Creating false memories is easy
Check out the abstract to a paper posted last month where the researchers created false memories in people.
They gave participants made-up stories and pictures and asked people if they remembered them. About half the people “remembered” events that never happened. About a quarter “remembered” seeing the story on the news.
People remembered stories that fit their political orientation better than ones that challenged them.
The stories in this study were all political. The paper (downloadable from the link above) describes other research in this area and some history and their motivation. How much emotion a story evokes seems to contribute to how memorable it is, even if made up.
Here’s the abstract:
In the largest false memory study to date, 5,269 participants were asked about their memories for three true and one of five fabricated political events. Each fabricated event was accompanied by a photographic image purportedly depicting that event. Approximately half the participants falsely remembered that the false event happened, with 27% remembering that they saw the events happen on the news. Political orientation appeared to influence the formation of false memories, with conservatives more likely to falsely remember seeing Barack Obama shaking hands with the president of Iran, and liberals more likely to remember George W. Bush vacationing with a baseball celebrity during the Hurricane Katrina disaster. A follow-up study supported the explanation that events are more easily implanted in memory when they are congruent with a person’s preexisting attitudes and evaluations, in part because attitude-congruent false events promote feelings of recognition and familiarity, which in turn interfere with source attributions.

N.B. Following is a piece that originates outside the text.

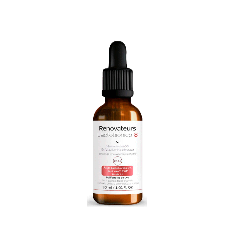 El Sérum Renovateurs Lactobiónico de Cépage formulado con un 8% de ácido lactobiónico, es ideal para pieles sensibles gracias a su alta tolerancia y su acción renovadora y calmante.

Personally I find this stuff fascinating — that the mind doesn’t always work how you expect. Since one of my major goals in this page is to improve yourself, I’ll point out that you can use this effect to your advantage.
The research shows, among other things, confirmation bias. When you want to change your beliefs, you can use things like this to drive confirmation bias in your favor, to cause yourself to take on new beliefs and forget old ones.
People think changing their beliefs is hard or impossible. This study suggests otherwise and gives ways to do so.